To quantify the concentration of each protein in the IIVs, ImageJ software was used to perform densitometry analysis. Densitometry values were generated, where the specific bands were outlined in squares of equal area and then a value was generated for each individual band intensity that is a percentage of the sum of all the bands outlined.

Immunoprecipitation

IP assays were performed using the vaccines Fluzone 2016–2017, Fluzone 2017–18, and Fluzone 2018–19 (Sanofi Pasteur), Fluvirin 2016–17 (Novartis), Flublok 2016–17 (Protein Sciences Corp.), or recombinant H1 A/California/04/09 and H3 A/Perth/16/09. For vaccine immunoadsorbents, 3 µg of antibody was bound to 25 µl of packed PGS (GE Healthcare) by incubating at RT for 30 min while rotating.
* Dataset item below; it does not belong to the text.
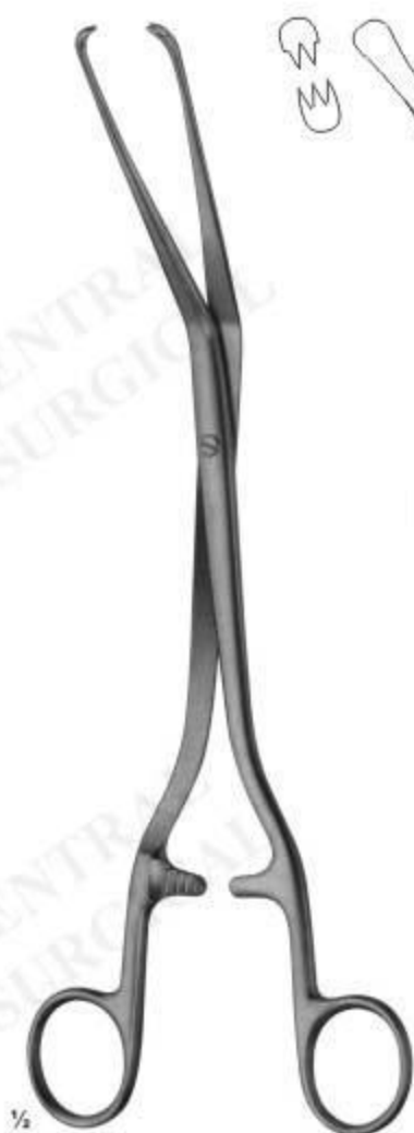
04-6385 HERFF membrane puncturing forceps 255 mm

The human-derived anti-H1, clone 3E05, head reactive mAb with no cross reactivity to H3 was used as the capture antibody for H1 HA45 and anti-transglutaminase-2 mAb, clone TG2–2D0446 was used to account for any non-specific binding in the IP. Immunoadsorbents were washed and then incubated overnight at 4 °C with gentle rotation. Following overnight incubation, PGS was packed by centrifuging at 68 × g for 1 min, vaccine was removed, and the beads were washed with PBS 5 times. For temperature sensitivity, vaccine samples were incubated for 2 or 4 h at 37 °C or stored at 4 °C for the duration of the incubation. Following incubation, H1 or control immunoadsorbents were prepared, incubated with the vaccine as before, and washed 5 times with PBS. Immunoprecipitates were eluted by applying Laemmli buffer, mixed gently, incubating at RT for 15 min, and then incubating at 95 °C for 5 min for complete protein dissociation. Supernatants from the immunoadsorbent were applied at 5% and 95% of the total eluate, fractionated by SDS-PAGE, and analyzed by western blotting, as described above.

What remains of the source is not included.